An Annual Meeting is always a celebration of an organization’s accomplishments and an opportunity to honor those who provide leadership and serve as role models. The Jewish Community of Louisville’s Annual Meeting on Wednesday, June 15, was no exception; however, the events that happened within the two weeks prior to the evening meant that the gathering began on a more somber note.
In giving the invocation, Rabbi Robert Slosberg, president of the Louisville Board of Rabbis and Cantors reflected on the terrorist attacks in Tel Aviv, where two gunmen came into a café in the Sarona open market and randomly shot people, killing four and wounding even more. The terrorists murdered people just because they were Jews, the Rabbi said.
On Sunday, June 10, Rabbi Slosberg continued, “a terrorist, radicalized by ISIS, opened fire in Orlando, Florida, at Pulse, a gay night club, killing 49 people and injuring 53. We live in a very troubling world. And In times like these we need to stand together. We need more people like Muhammed Ali, to courageously stand and to speak out and to direct us toward the path of peace.”
We need synagogues and temples to teach and guide us “toward the Jewish vision of unity and peace,” he continued, “but we also a central address. A central location, to think, to strategize to plan and to unite us. That is my vision of the JCL and I hope it is yours, too.”
He called on members of the community to unite, and when called upon to serve, to answer “hineini, you can count on me” like Abraham did when God called upon him.
Jewish Heritage Fund for Excellence
Ensuring the future of the Jewish community does rely on volunteers to step forward and accept leadership responsibilities, but it also needs financial support. JCL Board Chair Jay Klempner thanked Jewish Heritage Fund for Excellence (JHFE) for its support and generosity.

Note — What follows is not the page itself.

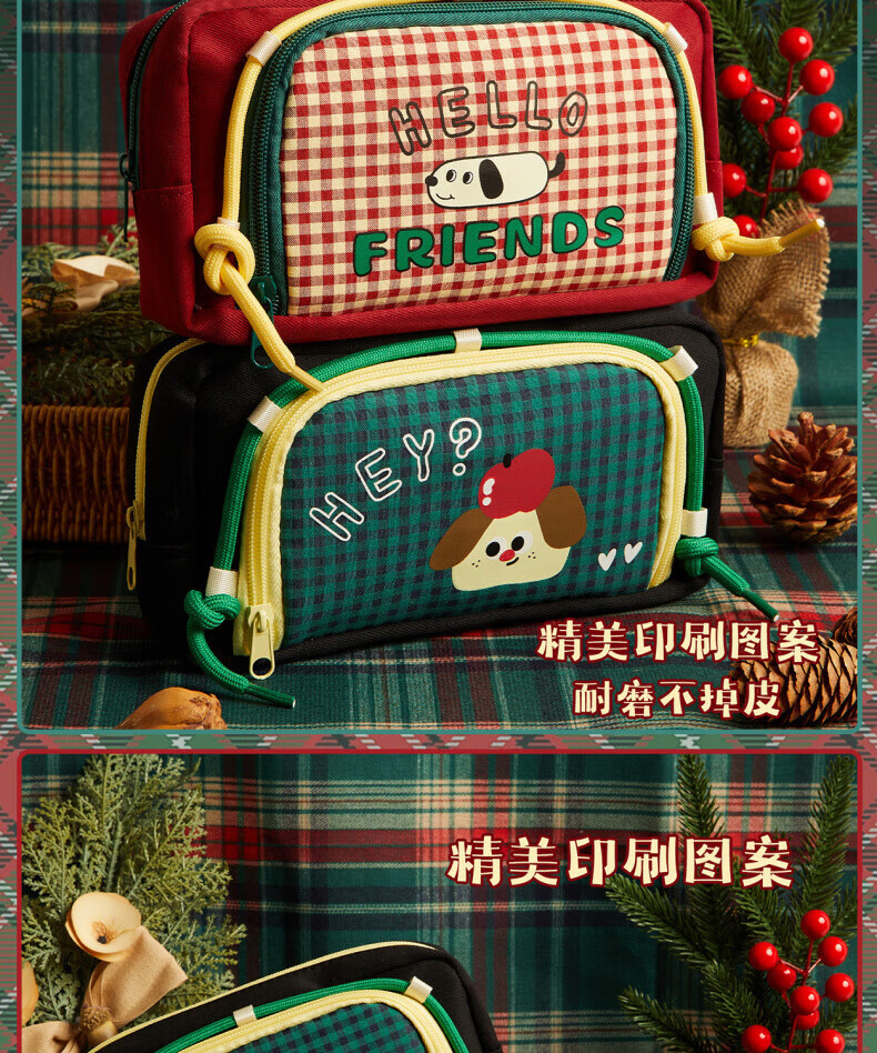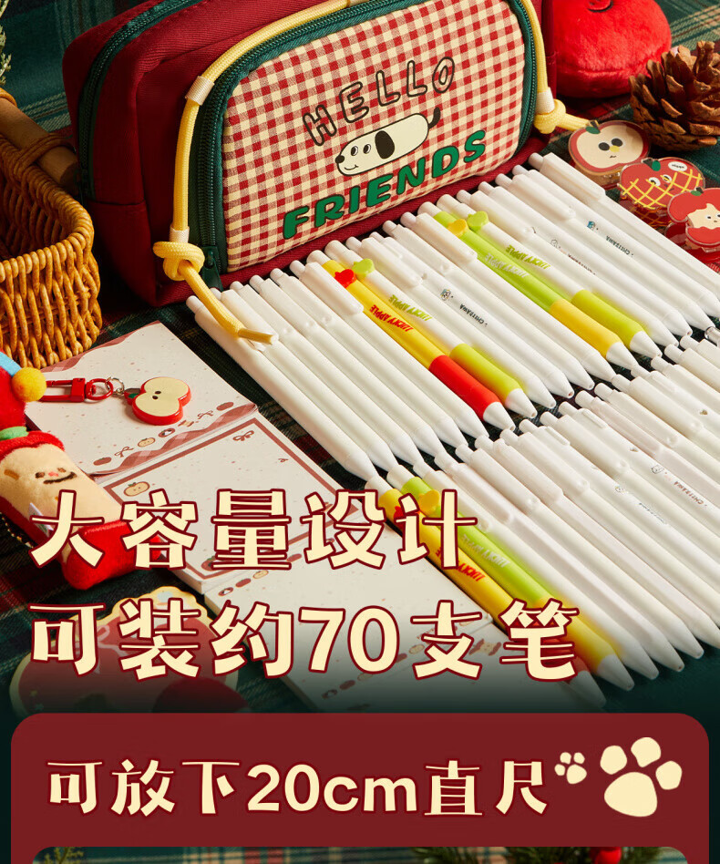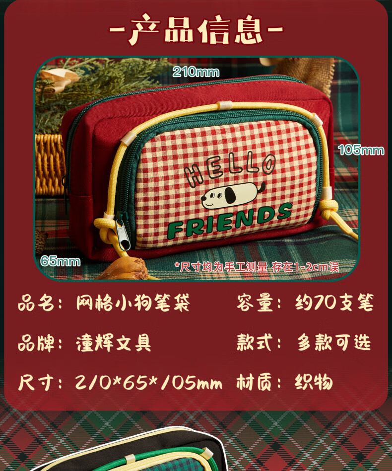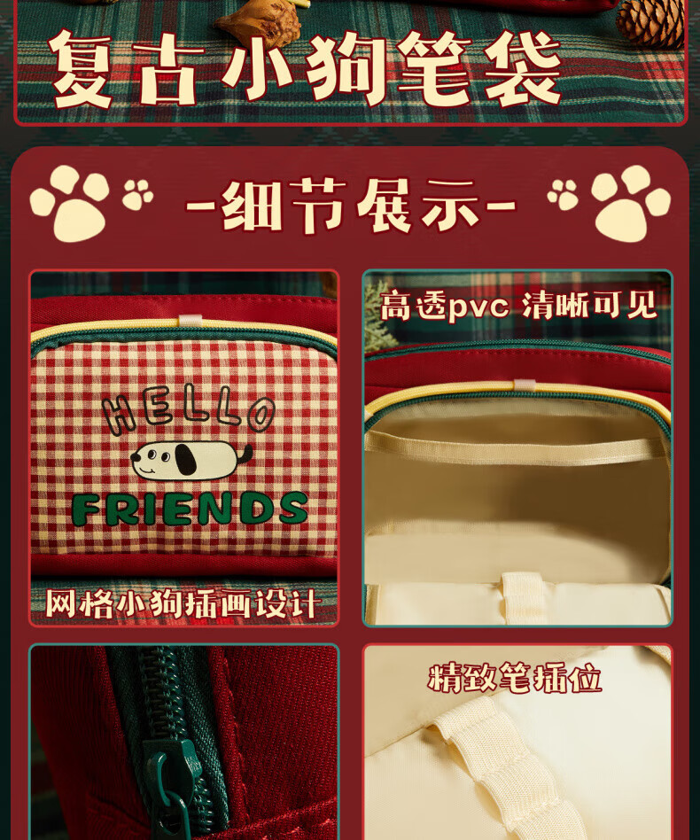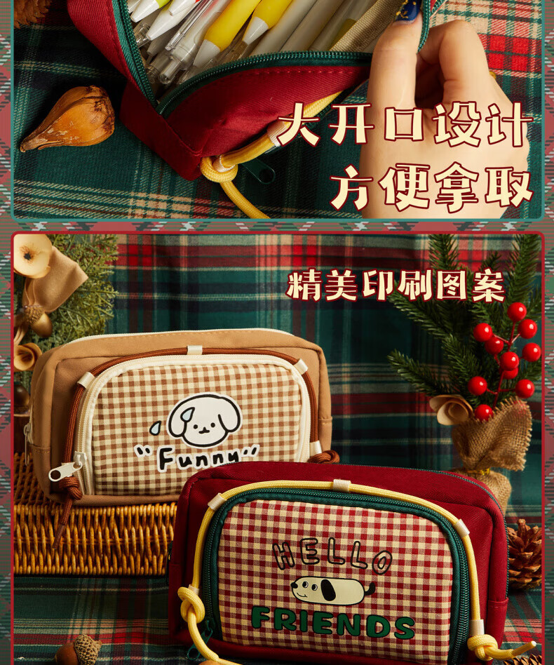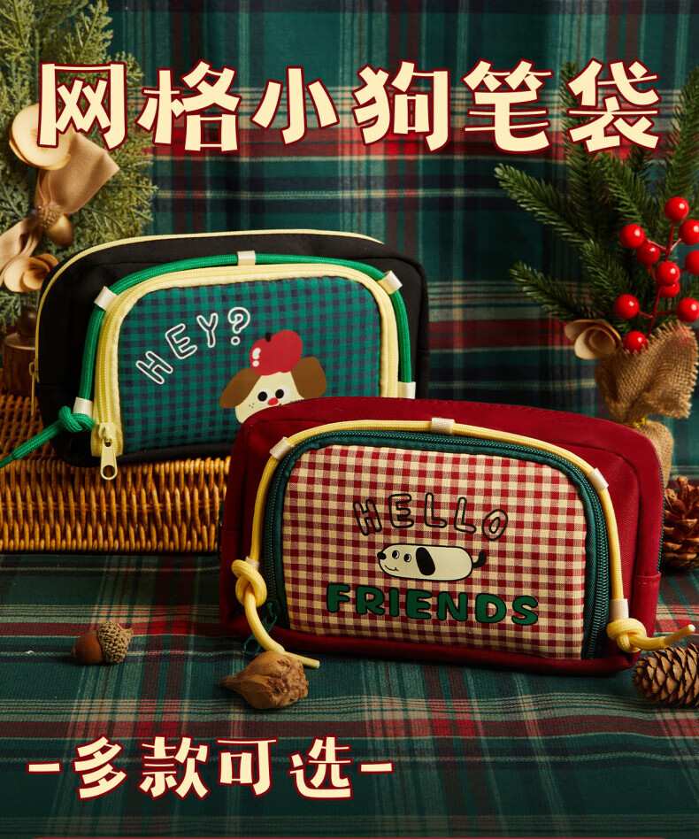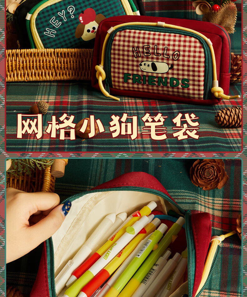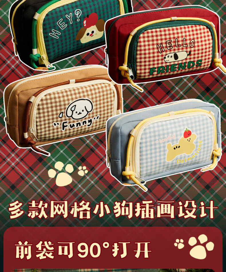 DEATKN日本网格小狗笔袋ins风2025新款高颜值覆古文具盒大容量学生小众简约铅笔盒女孩可爱小学生多功能 腊肠小狗

He expressed appreciation for the $200,000 Challenge Match JHFE gave to the 2016 Federation Campaign, and reported that additional JHFE grants helped the JCL improve its outreach and its ability to provide quality services. “JHFE is a critical strategic partner, Klempner said, and we are … so grateful for their support.”
Klempner recognized both JHFE Executive Director Jeff Polson and Chair Sandy Hammond.
Hammond brought greetings from JHFE and commented that the four-year-old funding agency was pleased that the Federation was able to meet the challenge and that JHFE was able to provide the match.
She explained that this year JHFE implemented a capacity building program for grant proposals. “One of the things we know,” she said, “is that if Louisville is to have a strong, vibrant Jewish community for generations to come, we need to make sure we have vibrant organizations this year.”
Through the capacity building program, JHFE sought proposals related to infrastructure support, and the agency was pleased to receive proposals for a communication audit, financial audits, reviews of programs, leadership training for volunteers and staff and succession planning. “JHFE believes that support for the Jewish organizations in those areas will benefit the community for years to come,” she said.
JHFE also continued its Excellence Grants, and, Hammond reported, “in 2015, we invested $1.5 million in Jewish community projects and programs.” The agency plans to start working with its partners to evaluate the success of their investments to inform future decisions on where to invest financial resources.
Hammond indicated that she would be stepping down as JHFE chair in two weeks and David Kaplan would succeed her.
Board Chair’s Report
After a year as Board chair, Klempner had only words of praise for JCL President and CEO Sara Klein Wagner who started in that position at about the same time. It has been a year of learning for both of them, and he said, “We’re doing our job, through hard work, we’ve taken steps to build strong foundation for the future. I could not have picked better partner … than our new CEO, Sara. … she’s one fine executive.
Together with the “passionate and committed” Board members, staff and stakeholders, Klempner said, the JCL is moving forward.
There have been major changes in the Development Department, he pointed out. The Jewish Federation is now a major brand of the JCL, enabling the agency to reclaim its rich history and identity. The Foundation, chaired by Peter Resnik, is working on reengaging existing donors and adding new funds.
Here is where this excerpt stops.